Le cas estonien est tout à fait intéressant à cet effet. Face aux tentatives d’ingérence étrangères par des attaques informatiques puissantes et fréquentes, Tallinn a su se développer rapidement comme un véritable cyber-puissance en commençant par  la création de sa E-Governance Academy.

L’hyperpuissance cyber

Mais attention, cette nouvelle toponymie du cyberespace ne doit pas nous induire en erreur. Certes, une lecture post-westphalienne du cyberespace est nécessaire. Certes, notre attention doit être concentrée sur le système universitaire. Mais rien n’est moins puissant qu’un État ayant conçu sa politique cyber autour de ces enseignements.

Prenons le cas chinois. Pékin essaie d’émerger comme une puissance cyber en conjuguant tous les facteurs de puissance : 

  • Ses capacités d’investissements massifs pour faire émerger de grands acteurs privés ; 
  • Sa puissance publique pour contrôler et protéger ces entreprises mais aussi pour leur fournir des jeux de données de masse qui accélèrent leur développement en plus des programmes de recherche publique-privée dont elles bénéficient déjà.

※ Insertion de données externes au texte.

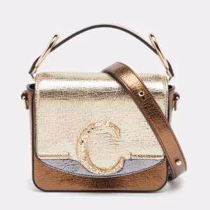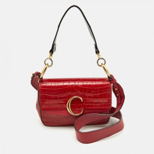 Chloe Tri Color Croc Embossed Leather C Top Handle Bag
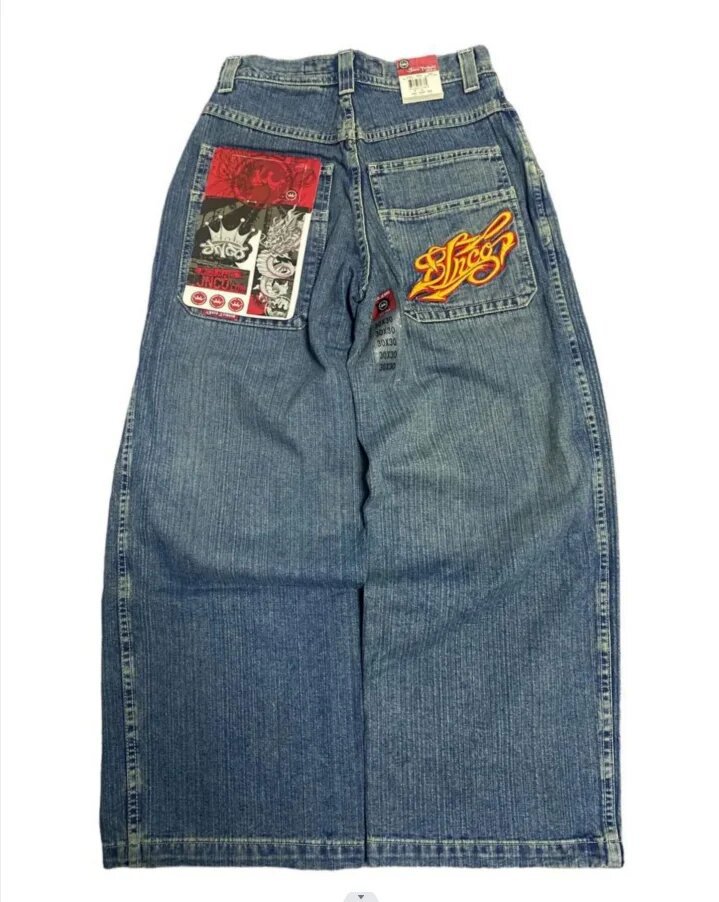 Znbbw Wide-Legged Jeans Jnco Street Hip-Hop Personality Y2K Straight Casual Pants
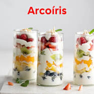 Vasitos arcoíris de fruta y crema de yogur
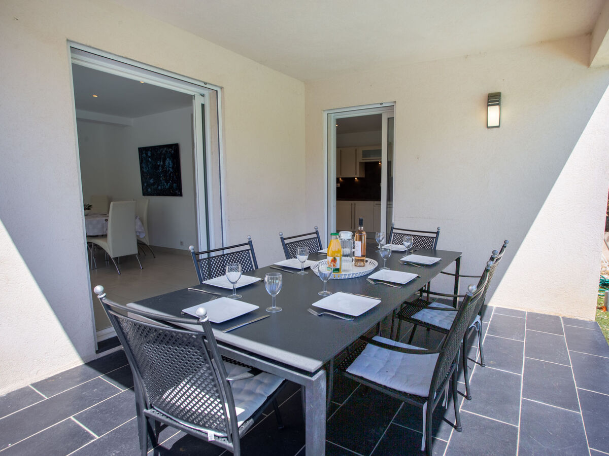 Dans le quartier de La Favière, situation tranquille dans un quartier résidentiel, à 550 m de la mer, à 550 m de la plage.
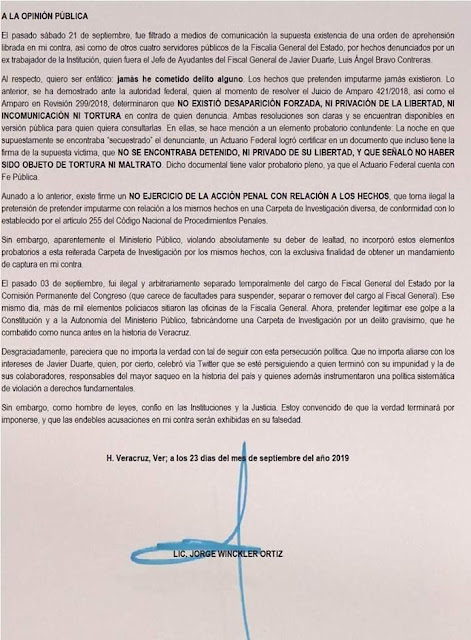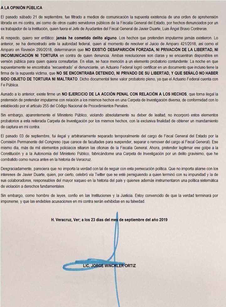 Esta mañana fue filtrada a todos los medios de comunicación una carta firmada por el ex fiscal Jorge Winckler Ortiz, -a quien la autoridad busca por el delito de secuestro- donde acusa de persecución política hacia su persona.
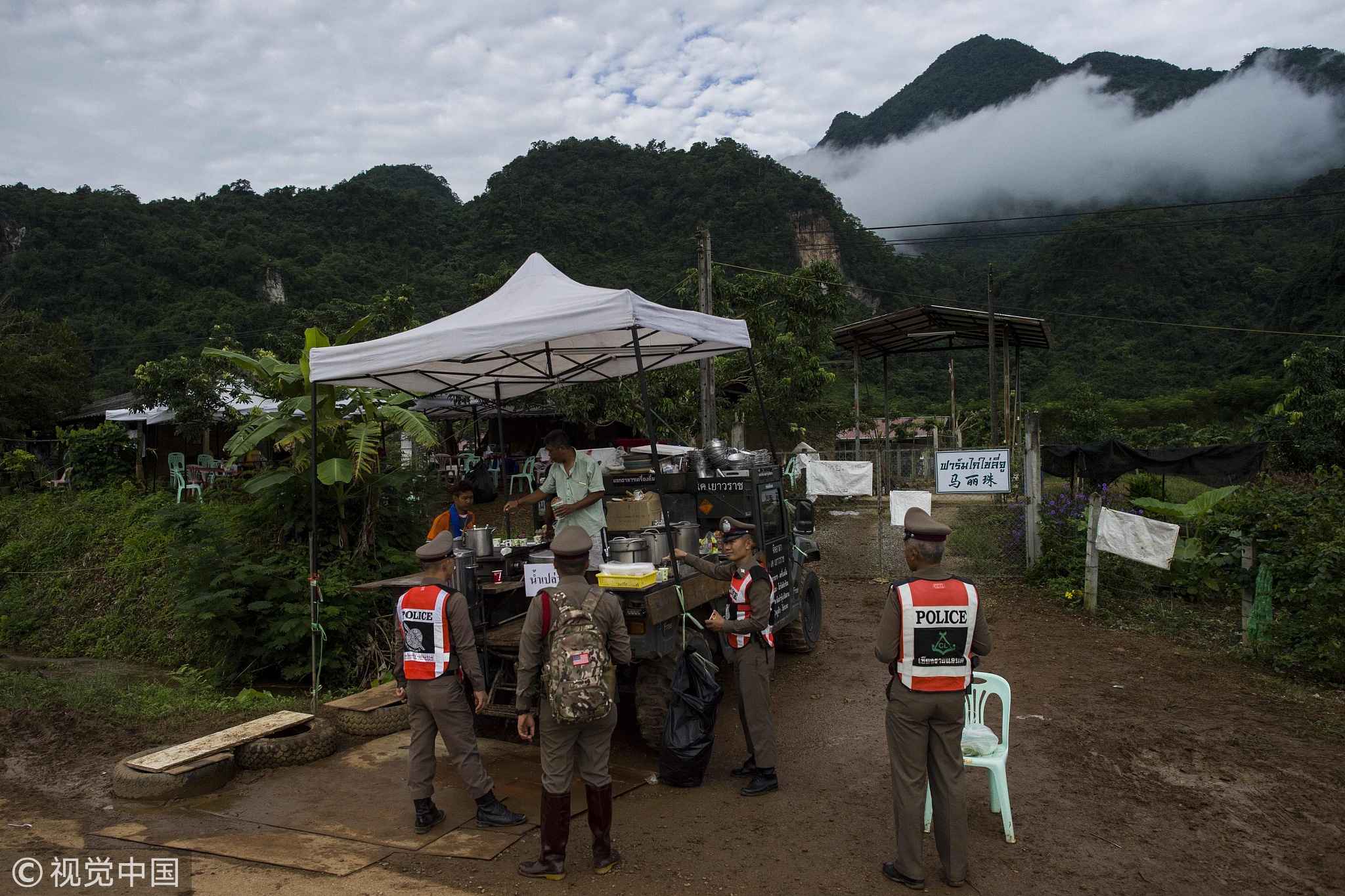 Thai police take a break as rescue operations continue for 12 boys and their coach trapped at the Tham Luang cave in Chiang Rai province, Thailand, July 4, 2018. /VCG Photo

La politique de Pékin est à décrypter au regard de l’hyperpuissance cyber américaine. Le gouvernement des Etats-Unis déploie tous les moyens, budgétaires, réglementaires, et même militaires, pour faire émerger ses fleurons industriels de la Tech qui deviennent parfois plus puissants eux-mêmes que des Etats. Ce faisant, Washington est devenue l’archétype de l’hyperpuissance cyber, fondée sur une coalition hybride d’acteurs étatiques et non-étatiques. Cette nature si particulière lui permet d’exercer son influence sur un champ géopolitique qui n’obéit pas aux mêmes lois : le cyberespace.